Sometimes, I would sit at my desk and I would hold on because the whole world would be spinning. That was the after-effects of the chemo. I was one of those guinea pigs,” Bethel continued. “They had started using the anti-

nausea drugs and (the doctor) asked me if I wanted to try it. Of course, I wanted to, who wants to be sick?”

Stem cell transplant

Then they did a stem cell transplant on her. The last chemo session was so strong she could not drive herself home after treatment as she was used to doing.

With the stem cell transplant procedure, she went through a process lasting four to five hours, where the white cells were “harvested” through “something like a washing machine.”

She returned one day later and they inserted two tubes in her neck. “They extracted the white cells (with one) and the other tube had the blood go back into me,”  she said.

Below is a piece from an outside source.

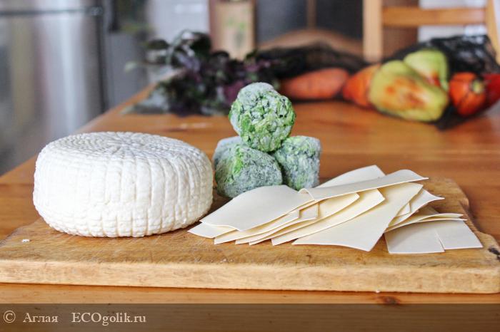 Для начинки мне нужен любой мягкий козий сыр. В рецепте шла рикотта, но она откровенно дорогая для моих целей. И я вспомнила про адыгейский сыр. Т.к. я живу в Адыгее, на родине этого козьего сыра, то у нас он продается на каждом углу, всегда свежий и домашний, а не заводской. Я покупаю его почти каждый день к столу, он у нас не дорогой. Головка весом 0,5 кг стоит 140 рублей.

“Following that, the extracted cells were frozen, and I had to go back into the hospital for them to re-infuse the frozen white cells. They sort of made me over. Baptist Hospital doesn’t do that procedure anymore.”

Reconstruction

Not wanting to do a belly tuck to transfer fat to her chest, Bethel began reconstruction utilizing a ‘balloon’ procedure but found it painful. “Why am I going through this pain?” she thought, and had it removed at the same time the doctors removed the port for chemo treatments. “I wear a prosthesis now,” she said.

Hazel Bethel has been cancer-free ever since. However, some years later, her daughter Carla was diagnosed, and “I had to live this all over again. I wanted to die.”

Mother and daughter

With no prior history of cancer in their family, it was a shock to discover that Bethel and her daughter had the disease.

Carla already had a kidney transplant by then. Hazel prayed continuously. “God, let this happen to me so that I can be an example for her, of doing what you have to do to live.”

It was double worry because by then Carla was married to attorney Marlon Hill.  I’d worry about him, worry about her. It wasn’t easy.”

Bethel is resilient. “When you have cancer, there is something that wells up in you that says, ‘This is not going to take me down.’ You get that strength.”

Today, the breast cancer survivor is “living, enjoying life, and thanking God every day.” Every year, she joins Carla and Marlon in the Team DLimers group for the Komen Race for the Cure. “Every year, I look at her, and I know there’s a God,” Bethel said.